Just sit and hunt, try not to think to much and just get in the zone.


----------



## iharangozo94 (Feb 27, 2009)

do you guys really shoot squirrels when youre waiting for deer?


----------



## kegan (Aug 28, 2006)

iharangozo94 said:


> do you guys really shoot squirrels when youre waiting for deer?


Here squirrel season opens a week after deer. I usualy go deer hunting for squirrel, carrying a blunt or other small game head. You get a better chance of making meat with a bushy tail than a white tail around here most of the time. Same goes for turkey. I'll go out for deer but keep a sharp eye open when the seasons overlap.


----------



## Questie (Feb 7, 2010)

kegan said:


> Here squirrel season opens a week after deer. I usualy go deer hunting for squirrel, carrying a blunt or other small game head. You get a better chance of making meat with a bushy tail than a white tail around here most of the time. Same goes for turkey. I'll go out for deer but keep a sharp eye open when the seasons overlap.


We don't have a squirrel season or a limit, so I just kill em if they bug me.


----------



## TaylorDennis92 (Apr 30, 2009)

i've got 2 squirrels so far


----------



## BowBoy78 (Aug 17, 2009)

no offense to you ignition but if you shot one of our stock cows, we would hang you out to dry... ever heard of the incodent many years ago that people were shooting deer with them for practice?well the deer would run off and eventualy have so much internal bleeding that they would die. not tryin to make anybody mad but dont be tryin that stuff... them cows aint hurtin nothin... besides they show the deer that the place is secure and safe to feed


----------



## browningRAGE (Dec 19, 2009)

i either text or read my bible when i'm in a stand to pass some time....shooting squirrels doesn't hurt either, got 4 squirrels since jr. season opened up last week.


----------



## kegan (Aug 28, 2006)

BowBoy78 said:


> them cows aint hurtin nothin... besides they show the deer that the place is secure and safe to feed


Actually, though there are always exceptions, most wild animals are leary of cows.
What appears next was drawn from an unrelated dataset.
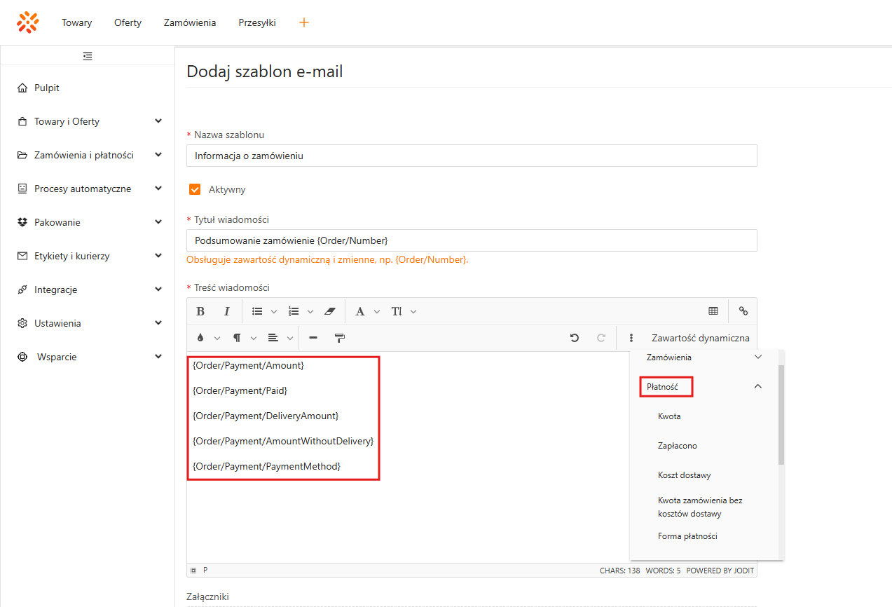 Znaczniki z tej sekcji pozwalają automatycznie uzupełnić wiadomość o dane związane z płatnością za zamówienie.

There was an article in an old Game News about how most deer will avoid areas if there are several cows there. Since PA hsa alot of farms, they suggest just moving your stand to an adjecent area.
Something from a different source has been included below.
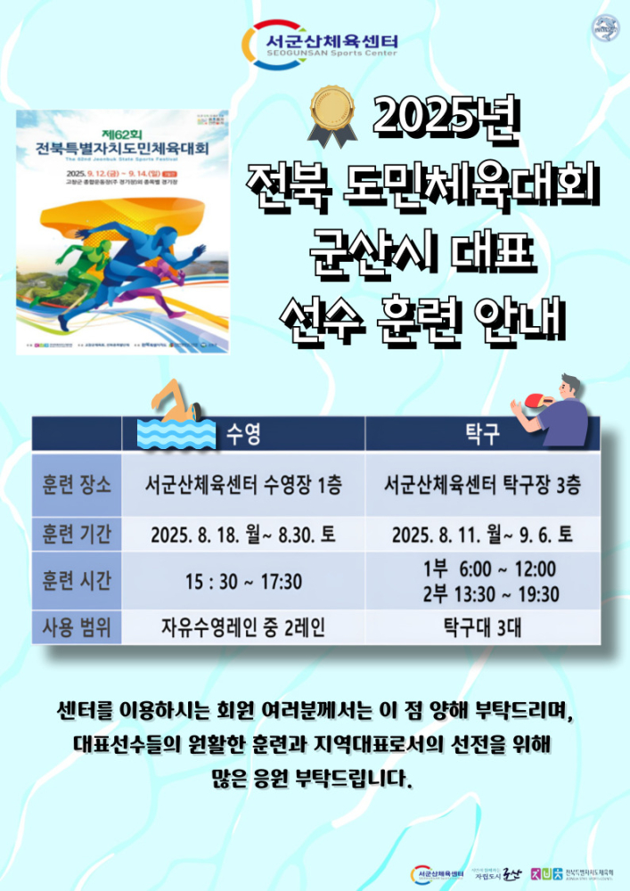 211 서군산체육센터 전북도민체전 군산시 대표선수 훈련안내 다운받기 체육진흥과 25.08.04 340

But you're right: blunts can cause alot of damage. If you were ever shot with a blunt in the chest, there's a really good chance it won't be just a bruise. A steel blunt from a good bow can be worse than a rubber bullet from a hand gun it seems.


----------



## wevans340 (Apr 28, 2010)

Slip into my nothing box and let my brain flatline for a while..............with little blips of course while im watching for deer, otherwise ______________________________^__________________________________________________________


----------



## Ignition kid (Oct 7, 2008)

Bowboy I only shot at the wild (yes they have wild ones out in Colorado) moo cows when they got to about 50+ yards away, and I only did it once.
And whoever asked if we all really shoot squirrels while waiting I don't, and if I do it will be at the end of my hunt or something.


----------



## BowBoy78 (Aug 17, 2009)

ignition...not to make you mad but i aint stupid... there aint "wild"cows with the exception of one here and there... most cattle in colorado dont need fence... where are they to go? if the rancher has the only water for miles at his house, he dont need a fence... you can **** your friends and i'll **** mine, But lets not **** each other... i raise cattle and thats what ima goanna do to live for the rest of my life...


----------



## kegan (Aug 28, 2006)

BowBoy78 said:


> ignition...not to make you mad but i aint stupid... there aint "wild"cows with the exception of one here and there


Actually, there are. They get mean too. I beleive a friend of mine was talking about how in some parts of Florida loose cows are some of the scariest things to run into. Considering he's in his thrities and not prone to lying... I'll take his word for it!


----------



## FITAfanatic (Jun 29, 2009)

Me and my dad will text back and forth about what is going on around us and send pics of anything near us.


----------



## Dwill (Aug 26, 2010)

BowtechBabe18 said:


> Me and my dad will text back and forth about what is going on around us and send pics of anything near us.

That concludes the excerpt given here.